Ford moved to stand over her and, pointing down at her, he snarled. “Stay out of things that don’t concern you,” he said.
Hawke had remained sitting at his piano bench, watching almost passively. He told himself it was none of his business, and he had no intention of getting involved until he saw Ford push Big Callie to the floor.
Then, sighing in resignation, Hawke stood up and walked over toward Ford. Ford either didn’t see Hawke’s approach or he saw him, but took no notice of him. That was no direct insult to Hawke, he was used to that. Piano players tended to fade into the background at saloons, becoming as invisible as a coatrack or a brass spittoon.
“Like I said, I’m takin’ this money, unless there is someone in here who thinks he can stop me,” Ford said as he returned to the table and continued filling his hat.

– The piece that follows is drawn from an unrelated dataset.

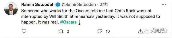 史皇冲上去打完人又飞速回到了观众席,整个过程很快,来不及闪。被暴击的Chris Rock懵了一下,竟然马上贱兮兮讲起段子:“哇哦,史皇刚才狠狠打了我一顿呢”。回到座位后的史皇超大声与Chris在奥斯卡颁奖典礼现场对骂。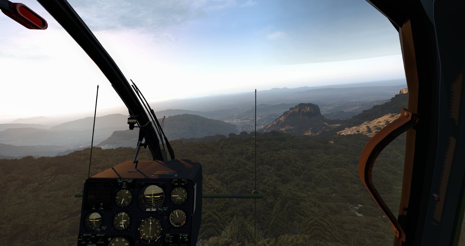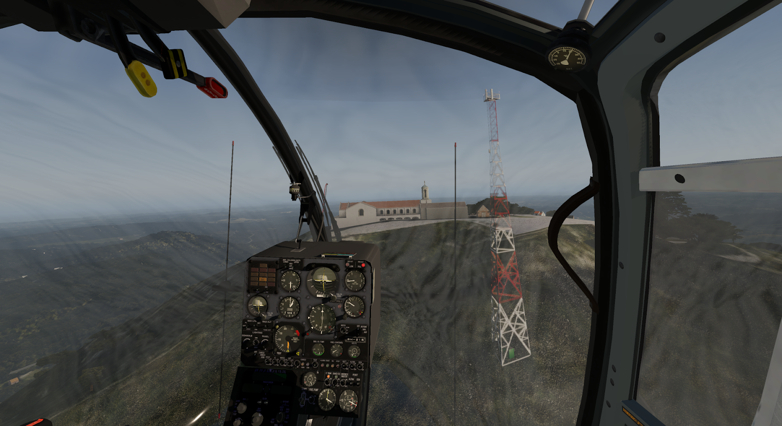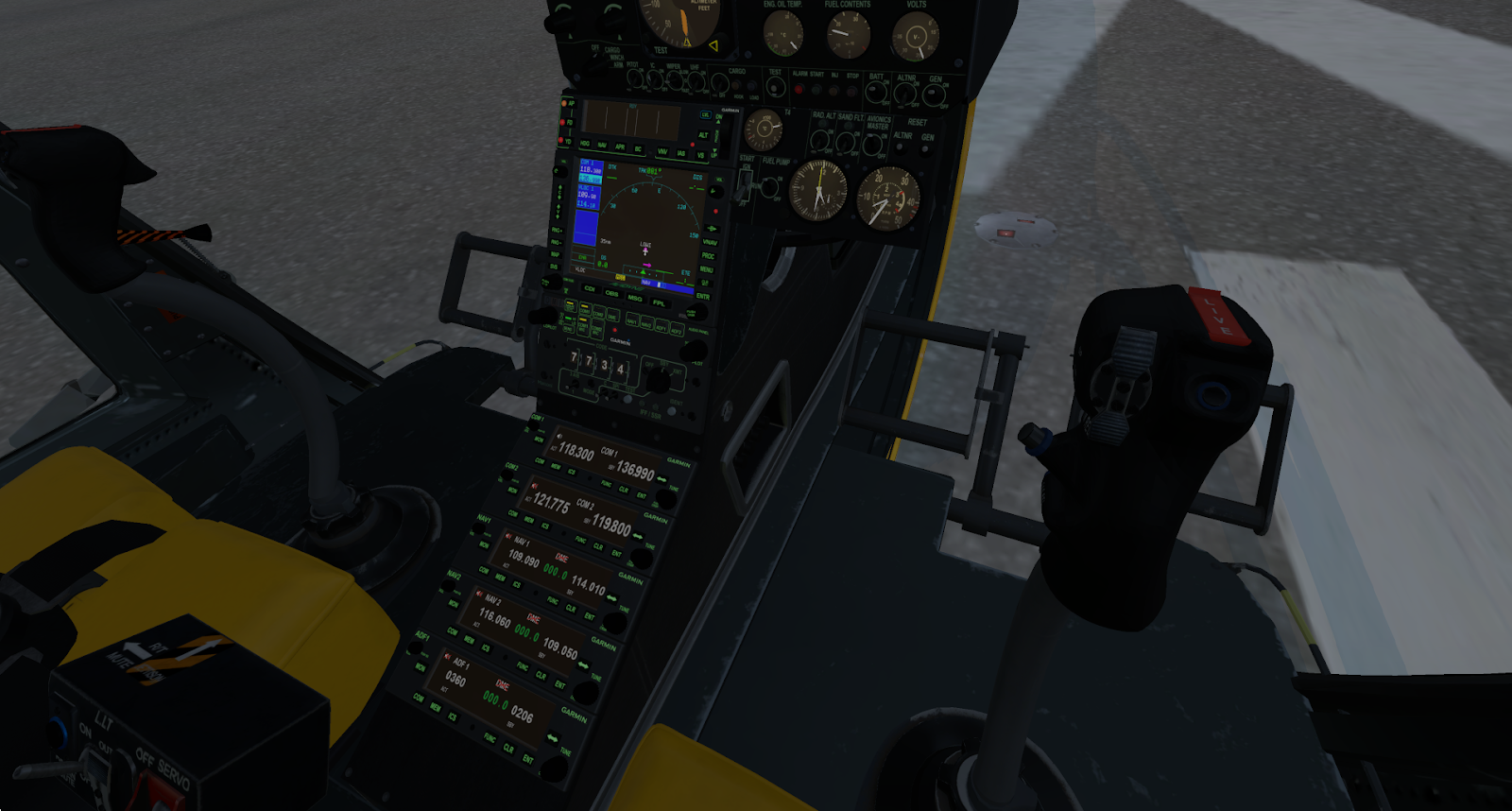 A notepad with checklists and reference sheets is clickable next to the center instrument console. I vastly prefer diegetic interfaces like this options panel and notepad to proprietary pop-up menus; they allow a pilot to maintain her immersion in the simulated world and help the aircraft feel alive and physical. Starting the Gazelle requires a few switches, a wait for turbine wind-up, and opening of the fuel flow lever; a studied pilot can raise her skids in 30 seconds. It will take more than 30 seconds to set up your radios if you plan on either communicating or navigating with them; this is standard with almost any aircraft, though Gazelle startup is otherwise so simple it somehow feels notable. Other than turbine ignition, there are switches for windshield wipers, lights, and basic avionics calibration, but the Gazelle is mostly autonomous in its management; you will need all your attention to fly it, anyways.

“That would be me,” Hawke said.
“What?” Ford asked, looking at Hawke for the first time.
“You said unless there is someone who can stop you, and I’m saying that would be me. Put the money back on the table.”
“What are you going to if I don’t put the money back? Play a song for me?” Ford laughed at his own joke, and a few in the room laughed, nervously, with him.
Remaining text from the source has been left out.